For LLM-based evaluation, prefer `ClassificationEvaluator` which handles
the LLM call, structured output parsing, and explanations automatically.

## Using llm_classify Instead of ClassificationEvaluator

```python
# WRONG — legacy 1.0 API
from phoenix.evals import llm_classify
results = llm_classify(
    dataframe=df,
    template=template_str,
    model=model,
    rails=["relevant", "irrelevant"],
)

# RIGHT — current 2.0 API
from phoenix.evals import ClassificationEvaluator, async_evaluate_dataframe, LLM

classifier = ClassificationEvaluator(
    name="relevance",
    prompt_template=template_str,
    llm=LLM(provider="openai", model="gpt-4o"),
    choices={"relevant": 1.0, "irrelevant": 0.0},
)
results_df = await async_evaluate_dataframe(dataframe=df, evaluators=[classifier])
```

**Why**: `llm_classify` is the legacy 1.0 function. The current pattern is to create
an evaluator with `ClassificationEvaluator` and run it with `async_evaluate_dataframe()`.
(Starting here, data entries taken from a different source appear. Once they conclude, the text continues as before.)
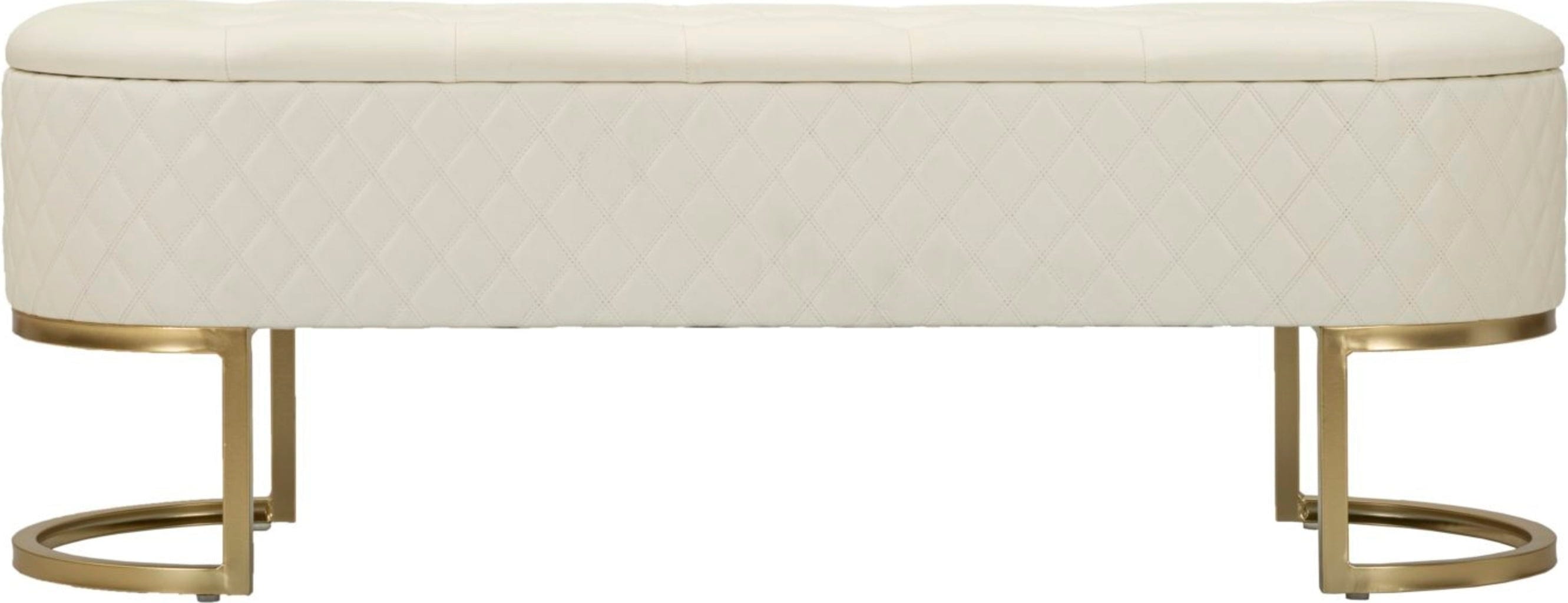 Połącz w swoim domu komfort z ekstrawaganckim designem dzięki tej eleganckiej i funkcjonalnej ławce! Zachwyca swoją charakterystyczną, wydłużoną formą, obitą luksusową, kremowobiałą ekoskórą i wykończoną subtelnym pikowaniem w romby. Miękka tapicerka zapewnia wygodne miejsce do siedzenia, a dwie zintegrowane szuflady oferują zaskakująco dużo miejsca do przechowywania koców lub innych akcesoriów.
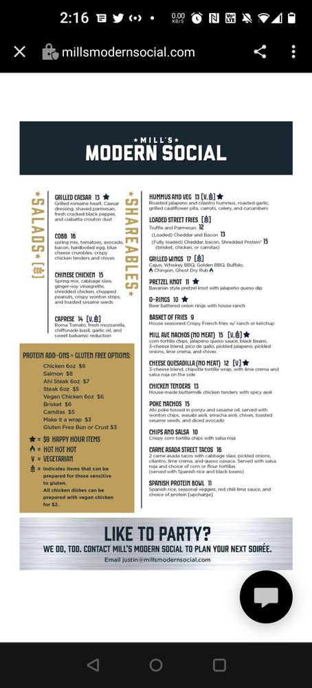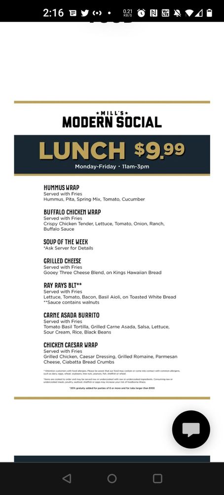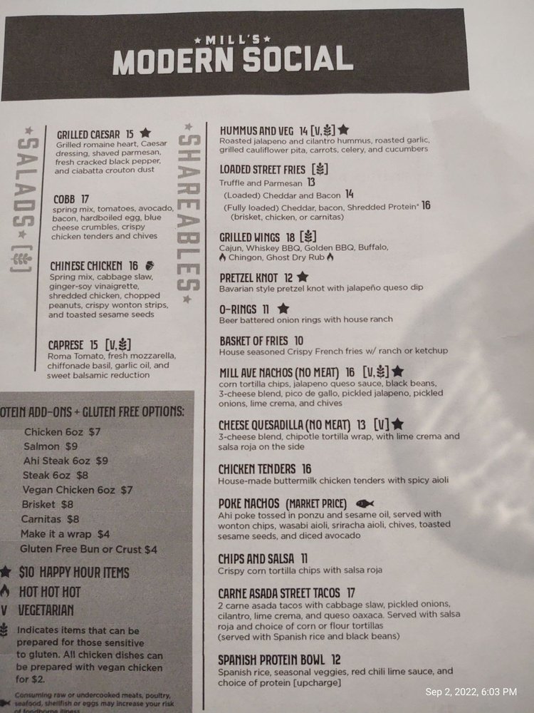 Mill's Modern Social, located in Tempe, AZ, is a trendy New American Beer Bar offering a variety of shareables, salads, and sandwiches. Customers have praised the upscale atmosphere, friendly staff, and delicious food. Standout dishes include the Basket of Fries with garlic aioli, Wings with a choice of dipping sauces, and the Ray Ray BLT Sandwich with crispy bacon and basil aioli. Additionally, the Classic Caesar Salad and House Salad have received rave reviews for their fresh ingredients and flavorful dressings. Despite some minor drawbacks such as small portion sizes and automatic gratuity charges, the overall experience at Mill's Modern Social is one of excitement and satisfaction. With a spacious interior featuring pool tables, video games, and darts, this establishment is perfect for a fun night out with friends or a casual meal. The presence of vegan options, outdoor seating, and free Wi-Fi make it a versatile choice for diners of all preferences.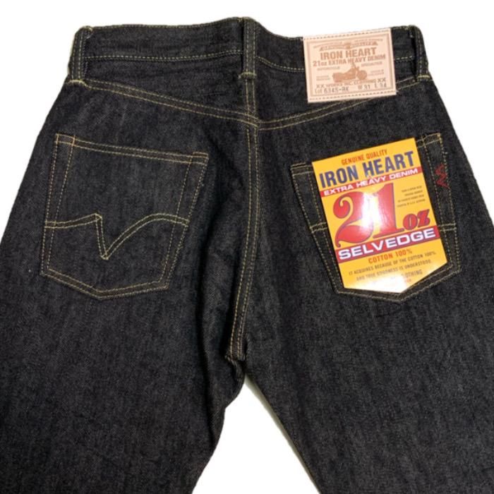 IRONHEARTオリジナルの21ozセルビッチデニムを使い、2003年の発売開始以来、日本で世界でヘビーオンスジーンズのブームを生んだアイアンハートを代表するジーンズ。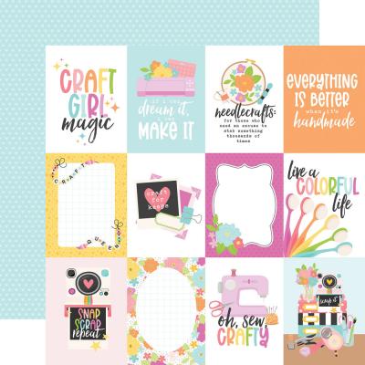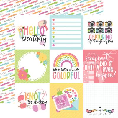 Knallig bunte Kollektion in den Tönen Pink, Hellblau, Hellgrün, Orange und Gelb, die wie Neonfarben wirken. Die Motive bieten alles, was ein gelungener Hobbyraum ausmacht: Kameras, Pinsel, Farben, Nähmaschine, Kleber, Stempel und alles, was ihr fürs Scrapbooking benötigt.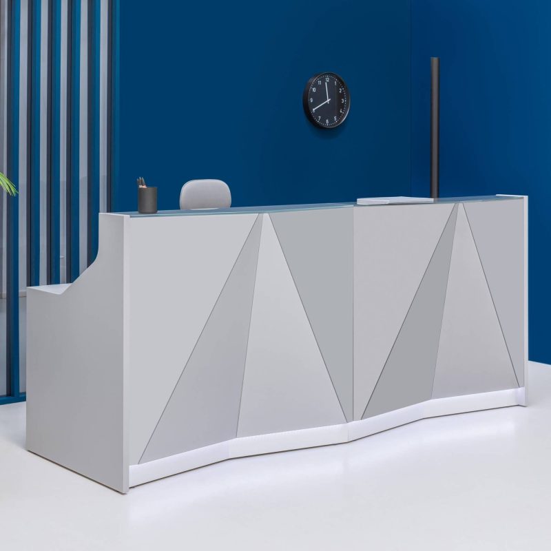 Key features include full-length LED lighting that subtly draws attention to the desk, and a glass 3D front that adds a refined, representative touch. The design includes a lower element option to support wheelchair users, promoting inclusive, accessible communication at the point of welcome.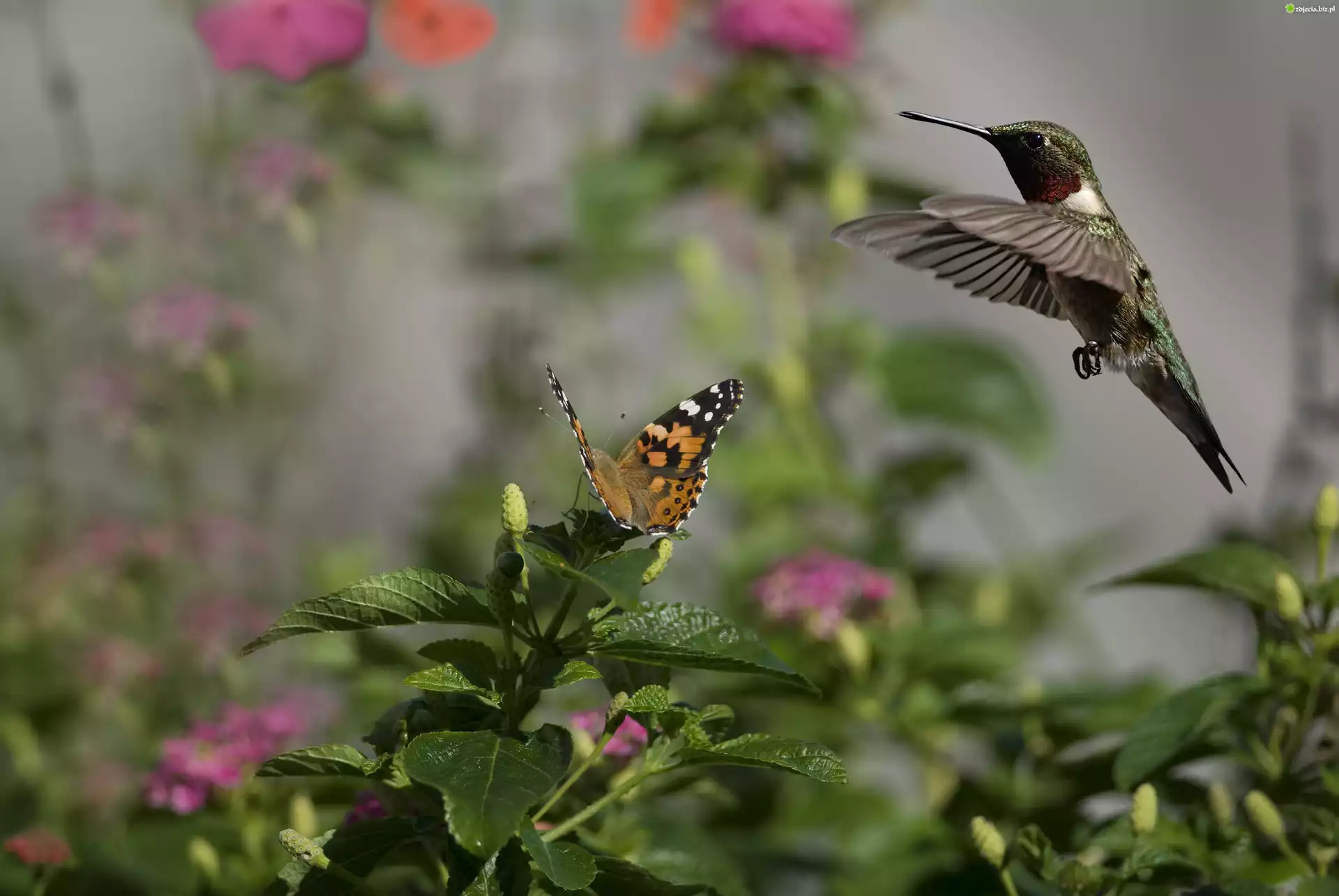 Zdjęcie, Roślina, Liście, Motyl, Ptak, Koliber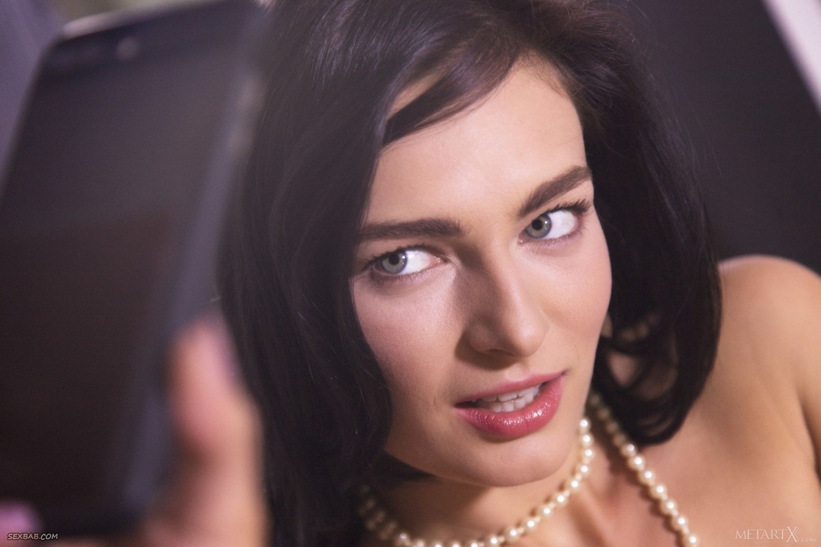 Описание: Скинув платье и трусики, темноволосая дама со стройной фигурой в чулках без трусов позирует перед камерой и делает эротичные селфи, наслаждаясь происходящим и игриво улыбаясь фотографу. В процессе съёмки брюнетка нежно сжимала сиськи руками и в самых разнообразных позах демонстрировала волосатый лобок с бритой писькой.

## Using HallucinationEvaluator

```python
# WRONG — deprecated
from phoenix.evals import HallucinationEvaluator
eval = HallucinationEvaluator(model)

# RIGHT — use FaithfulnessEvaluator
from phoenix.evals.metrics import FaithfulnessEvaluator
from phoenix.evals import LLM
eval = FaithfulnessEvaluator(llm=LLM(provider="openai", model="gpt-4o"))
```

**Why**: `HallucinationEvaluator` is deprecated. `FaithfulnessEvaluator` is its replacement,
using "faithful"/"unfaithful" labels with maximized score (1.0 = faithful).